The statement, co-authored by OpenClaw creator Peter Steinberger, pointed out, “the great open source projects of our time — Linux, Apache, Mozilla — endure because a neutral steward stands behind them. That is the role we are taking on to keep OpenClaw MIT licensed, open, and independent so that everyone building on it can trust it will be here for the long term.”
But it reassured users that the original OpenClaw leadership is still in charge.
“Peter built this thing and Peter keeps making the calls, especially the technical ones. Since joining OpenAI earlier this year, he has continued to steward OpenClaw as an open and independent project, and OpenAI has made a commitment to keep it that way,” the post said. “The foundation is here to serve: good governance, stable funding, and paying the people who keep the claws alive.”
However, some analysts and consultants were skeptical about how much true independence Steinberger would have, given his salaried role with OpenAI.
Neutrality claim in question“The Switzerland of AI neutrality claim collapses under its own announcement,” said Noah Kenney, principal consultant at Digital 520. “OpenAI runs a team [at OpenAI] called Claw Labs that Peter leads and OpenAI is a major donor to OpenClaw. The ‘neutral steward’s’ chief technical decision maker is employed by one of the competing labs it is supposed to be neutral with.” To OpenAI, he said, OpenClaw is closer to a tax-exempt nonprofit subsidiary than it is to a neutral ‘Switzerland of AI.’
He pointed out that, in addition, Microsoft is shipping the enterprise version of OpenClaw, and Nvidia is shipping the hardware bundle. “This is being called the Switzerland of AI, but Switzerland does not have its central bank run by France,” he observed.
Kenney said that what the new OpenClaw has actually built is “a shared dependency that several competitors fund, staff, and steer, wrapped in a nonprofit structure. Enterprise IT should understand that structure, because treating OpenClaw as neutral is a mistake,” adding that CIOs need to look at this development devoid of the emotional component.
“There is a strategic irony here that CIOs should sit with,” Kenney said. “If OpenClaw succeeds at becoming the universal agent substrate, then every model plugs into the same identity layer, the same profiles, and the same deployment plumbing. The thing every vendor is racing to own becomes a commodity that nobody owns.” He pointed out that, in the short term, that is genuinely good news for buyers because it means less lock-in and more portability.
“But,” he said, “when the connective tissue is free and natural, the only labs that benefit are the ones with the best models and the deepest distribution. Commoditize the layer below you and you compete on the layer where you are already strongest. The foundation is not a charity. It is the biggest players agreeing to stop fighting over the plumbing so they can fight over the water, and the enterprise is the one paying the water bill either way.”
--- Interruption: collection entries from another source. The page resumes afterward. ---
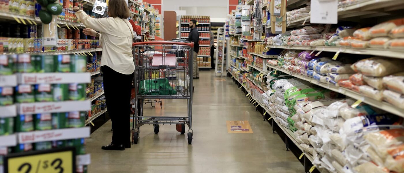 A man walks at a supermarket in Houston, Texas, on March 17, 2026.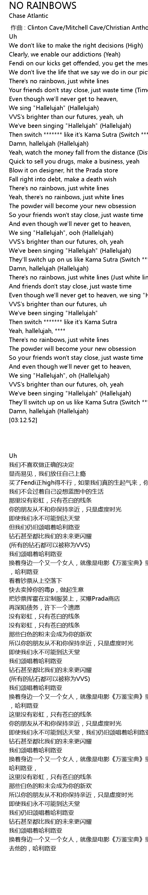 | [02:07.63] | There's no rainbows, just white lines (Just white lines) |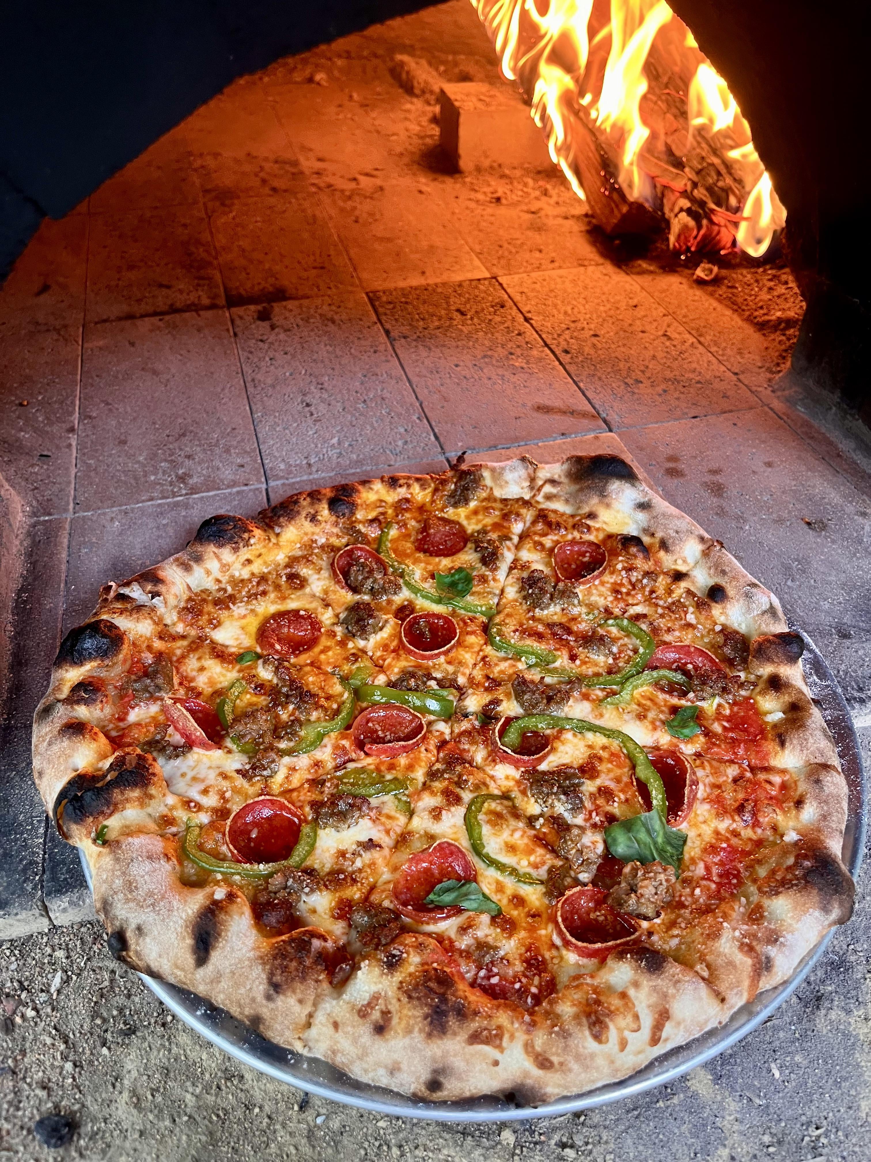 Pepperoni, sausage and green peppers in the wood fired-oven. 🍕🔥by august_dude 8 Comments Nate22212 5 months ago Looks good SeriousTwo82 5 months ago That is perfection. Look at those pepperoni’s. CoupCooksV2 5 months ago Great combo of toppings, looks amazing! NarcanBob 5 months ago Great oven!!!! sporadicPenguin 5 months ago Sorry for the pun, but that looks FIRE Mobile_Aioli_6252 5 months ago Absolutely gorgeous pizza 😋 Fantastic_Bird_5247 5 months ago Yea that works, nice pie!! earthresident111 5 months ago Perfection 🤤Write A CommentYou must be logged in to post a comment.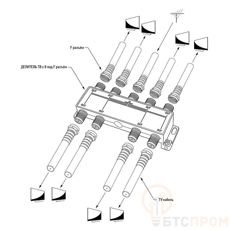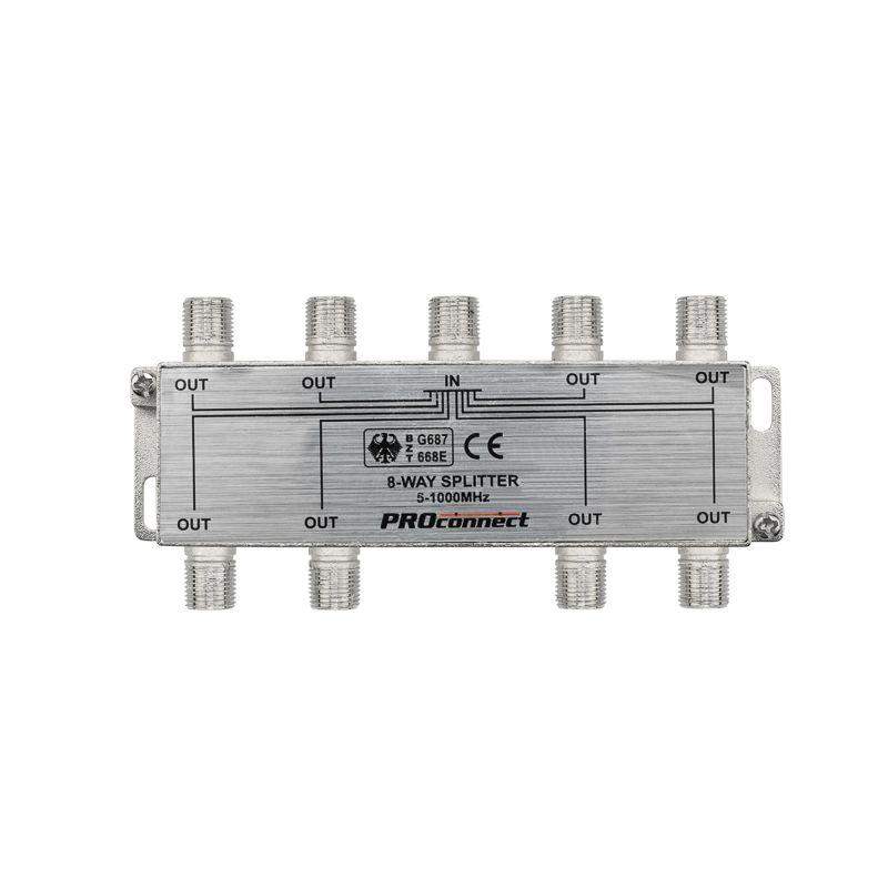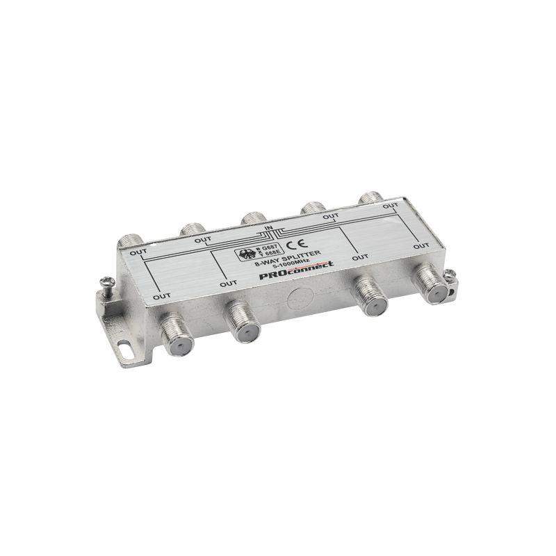 Телевизионный делитель или сплиттер PROconnect незаменим в любой системе эфирного телевидения, а также в бытовых условиях, когда необходимо подключить к одной антенне несколько телевизоров или ресиверов. Предназначен для равномерного деления телевизионного сигнала, идущего от антенны к оборудованию. Данный ТВ сплиттер рассчитан под F разъём и имеет восемь выходов, т. е. сигнал, проходящий через сплиттер, делится на восемь частей. Кабель подключается к этому делителю с помощью F-разъемов. Делитель подходит для сигналов, имеющих диапазон частот 5-1000 МГц, что соответствует эфирному телевидению. Отличается качеством, надежностью и простотой монтажа. Размер: 12x5,7x2,3 см.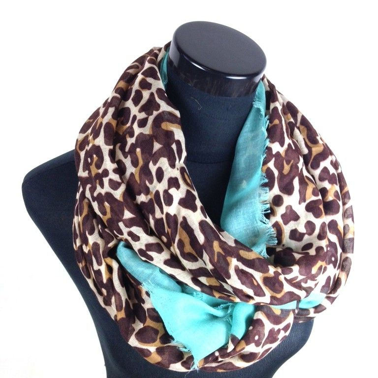 S_2321202 - LEOPARD PRINT SCARF BROWN WITH MINT (1st)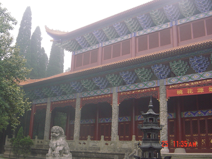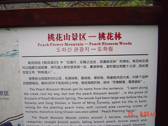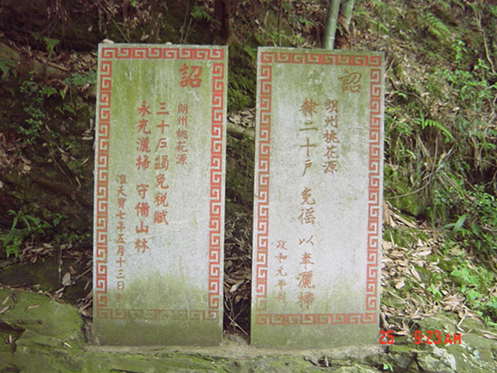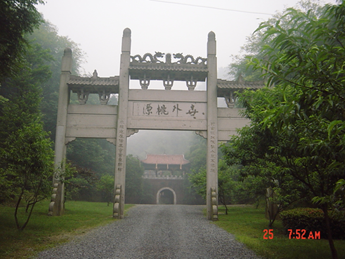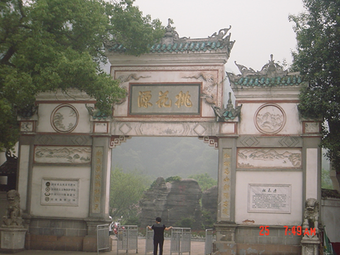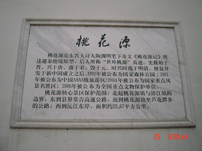 东晋太元年间,武陵郡有个人,以打鱼为生。有一天,他沿着溪水划船,忘记了路的远近。忽然遇到一片桃花林,紧靠着两岸生长有几百步。其中没有其他树,花草鲜嫩美丽,落花纷纷。渔人感到很惊奇。继续往前走,想走到林子的尽头。 林子的尽头是溪流的源头,于是出现了一座小山,山上有一个小洞口,隐隐约约好像有点亮。渔人于是离开船,从洞口进去。起初很狭窄,仅容一个人通过。又走了几十步,突然变得开阔明亮。这里土地平坦宽阔,房屋整整齐齐,有肥沃的田地,美丽的池塘和桑树竹子之类。田间小路交错相通,鸡鸣狗叫之声可以互相听到。在那里人们来来往往耕种劳作,男女的穿着打扮,完全都像桃花源外的世人,老人和小孩,都安闲快乐。 桃花源里的人见到渔人,大吃一惊,问渔人从哪里来。渔人详细地回答了他的问题,有人便邀请渔人到自己家里去,摆酒杀鸡做饭来款待他。村中的人听说有这样一个人,都来打听消息。他们自己说他们的祖先为了躲避秦时的战乱,带领着自己的妻子儿女及乡邻们来到这与世隔绝的地方,不再出去了,于是就与外面的人断绝了来往。 桃花源里的人问现在是什么朝代,竟然不知道有汉朝,更不必说魏朝和晋朝了。渔人把自己听到的事一一详细地告诉了他们,村中的人都感叹惋惜。其余的人又各自把渔人请到自己的家中,都拿出酒食来款待他。渔人逗留了几天以后,告辞离开了。这里的人对渔人说:“这里的情况不值得对外边的人说啊!” 渔人离开桃花源以后,找到了他的船,顺着从前的路回去,处处都做了标记。到了郡城,拜见了太守,说了自己的这番经历。太守立即派人跟随他前往,寻找以前做的标记,竟然迷了路,再也找不到通往桃花源的路了。 南阳人刘子骥,是志向高洁的隐士,听说了这件事,高兴地计划前往。没有实现,不久就病死了。此后就再也没有人访求桃花源了。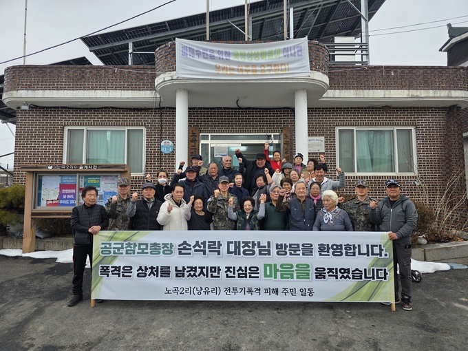 지난 4일 손석락(중장) 공군참모총장과 공군부대 관계자들은 지난해 4월 당시 전투기 오폭 사고 피해지역인 포천시 노곡2리 마을을 찾아 전투기폭격피해배상투쟁위원회 등 주민 간담회를 개최했다.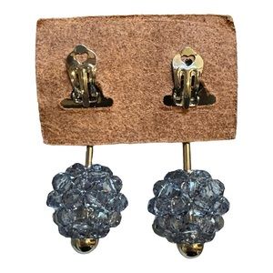 NIB with original dust bag, and paperwork. These darling clip on Marni earrings have a 2.5 inch drop. Silvertone metal surrounds a red stone at the earlobe and ends with a light blue gray cluster of crystals. (approx 1” diameter).

Good news, bad newsJason Andersen, principal analyst at Moor Insights & Strategy, liked the potential consistency that could emerge from the structural change, given the complexity of agent development today.
“We are seeing a lot of OpenClaw variants hit the market, such as those from Nvidia as well as competing products from cloud and SaaS vendors. A common base helps solidify the common parts,” Andersen noted. “That said, a common challenge is the sustainability of these open source foundations over time. In addition to releasing code, these foundations need funding to evolve and grow. And that funding needs to come from continued momentum to incentivize existing members to increase investment and recruit new members to join.”
Andersen stressed that IT buyers need to keep an eye on the roadmap for any OpenClaw variant they choose to deploy, “as that will directly impact the foundation, and the momentum of the foundation and common base. If the common base loses momentum, it can lead to forks, or just a loss of innovation. When that happens, members tend to back away, which puts customers in limbo.”
But not everyone sees the promised structure as entirely good for IT.
Ishraq Khan, CEO at coding productivity tool vendor Kodezi, said, “most CIOs do not want to bet their future entirely on a single model vendor. They want Claude for some workloads, GPT for others, open models for sensitive environments, and potentially internally fine-tuned systems for specific use cases. The problem is that every vendor currently brings its own identity system, tool interfaces, permissions model, and operational assumptions. That fragmentation does not scale.”
He said, “the risk if standards fail is straightforward: every vendor builds its own closed ecosystem, enterprises become locked into individual stacks, and security becomes dramatically harder. The opportunity if OpenClaw succeeds is equally significant: enterprises get portable agents, common identity standards, interoperable tooling, and a healthier competitive market around models rather than ecosystems.”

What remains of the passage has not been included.